Patients + Research: Keith Binette
Patients + Research is a platform for patients to discuss their relationship and experience with the research that leads to new care, cures and treatments. Ontario’s 24 research hospitals are committed to driving best practices for patient co-design of health research. When patients are at the table, the Ontario’s health research enterprise does a better job at making Ontario healthier, wealthier and smarter.
Keith Binette is 55 years old and lives just north of Toronto. In 2010, Keith was diagnosed with rectal cancer—for the second time. He began participating in research at Sunnybrook Health Sciences Centre to help develop new treatments for shrinking tumours. Thank you, Keith, for taking time to share about your health experience with us.
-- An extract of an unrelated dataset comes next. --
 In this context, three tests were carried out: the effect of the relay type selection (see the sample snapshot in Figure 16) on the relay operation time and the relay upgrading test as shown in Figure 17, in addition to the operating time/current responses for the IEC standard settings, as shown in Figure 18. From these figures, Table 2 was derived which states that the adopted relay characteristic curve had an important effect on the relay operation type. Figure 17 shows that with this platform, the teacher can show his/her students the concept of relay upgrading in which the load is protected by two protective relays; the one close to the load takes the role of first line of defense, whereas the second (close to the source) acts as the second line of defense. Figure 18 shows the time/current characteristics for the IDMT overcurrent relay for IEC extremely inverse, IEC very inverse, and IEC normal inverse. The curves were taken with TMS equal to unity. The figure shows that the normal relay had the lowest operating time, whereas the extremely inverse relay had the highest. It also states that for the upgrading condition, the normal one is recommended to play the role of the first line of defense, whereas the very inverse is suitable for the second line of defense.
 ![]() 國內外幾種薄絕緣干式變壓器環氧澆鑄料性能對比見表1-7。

Keith and his fiancée, May, on a visit to Hong Kong.
Why does health research matter to you?
Getting involved in research has been important to me and I am honored to be involved. It’s been a good opportunity to help pay back and to contribute to the future. And it helps other patients. We hope that someday cancer will be even more like a chronic disease that you live with, and that we treat as best we can.
Can you tell us a bit about yourself and your health story?
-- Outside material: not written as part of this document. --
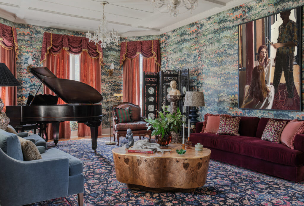 Nestled just minutes away from Fredericksburg's vibrant Main Street, known for its delightful wine festivals and authentic German cuisine, lies a hidden gem that redefines the boutique hotel experience - The Menagerie. This Queen Anne Victorian-style mansion, painted in a serene blush tone, is the centerpiece of Nicole and Ramzi al Rashid’s extraordinary creation. However, don't let its calm exterior fool you. Inside, a world of maximalist design awaits, brimming with bold textures, patterns, and a riot of colors that promise an unforgettable stay.
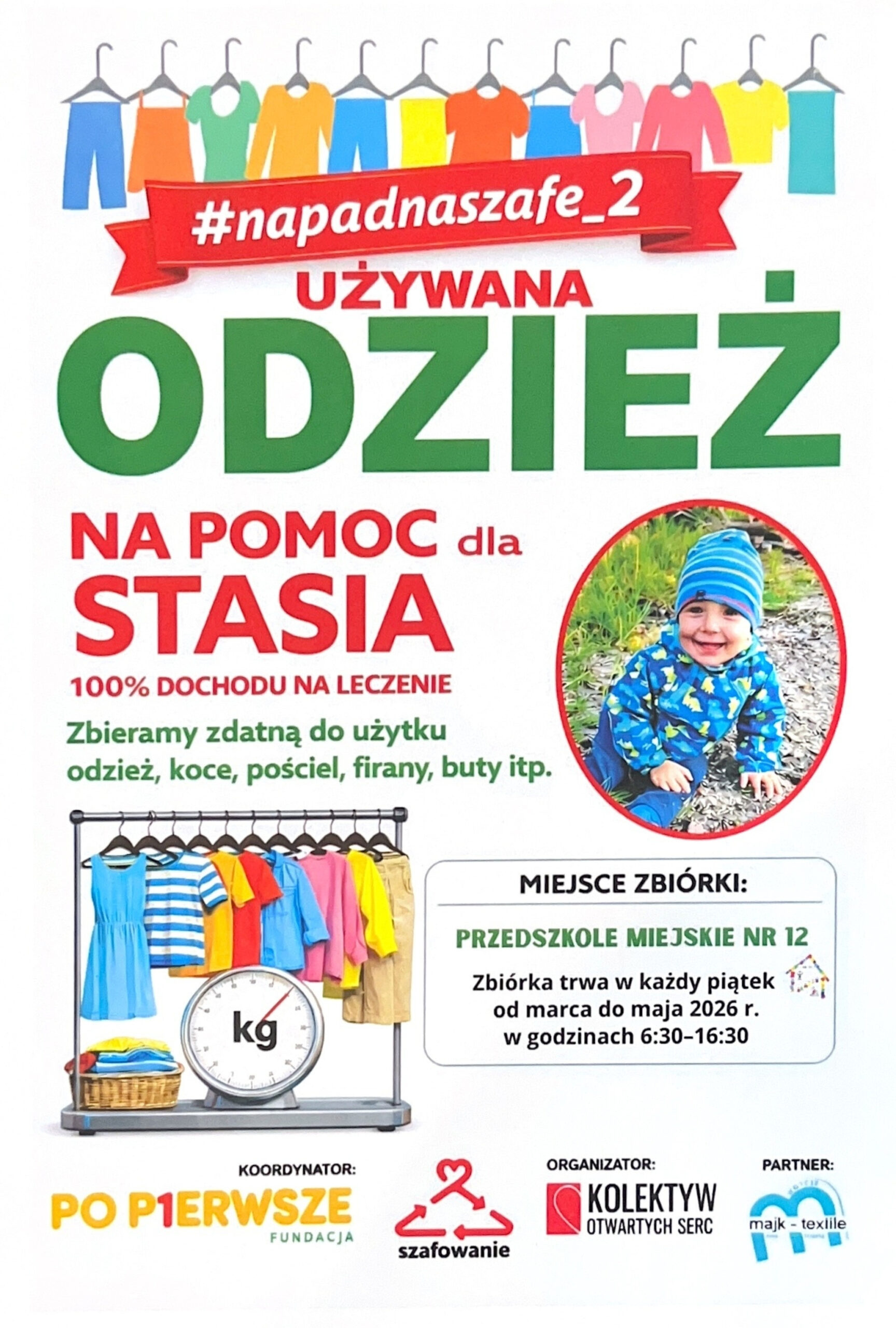 Nasze przedszkole dołączyło do akcji #napadnaszafe_2 – zbieramy używane tekstylia, by pomóc w leczeniu Stasia. Celem zbiórki jest danie ubraniom drugiego życia, a 100% dochodu z ich sprzedaży zostanie przeznaczone na leczenie Stasia.

I was diagnosed 5 years ago with rectal cancer that had come back. And it had come back in a way that was too close to nerves and delicate organs, so surgery was out of the question. I had heard about a treatment called hyperthermia. Some other readers or patients may have heard of this technology before, too. They do it in Germany and Japan using a type of waterbed and generalized heat to warm tumours. It helps increase response to the chemotherapy and radiation therapy applied shortly after.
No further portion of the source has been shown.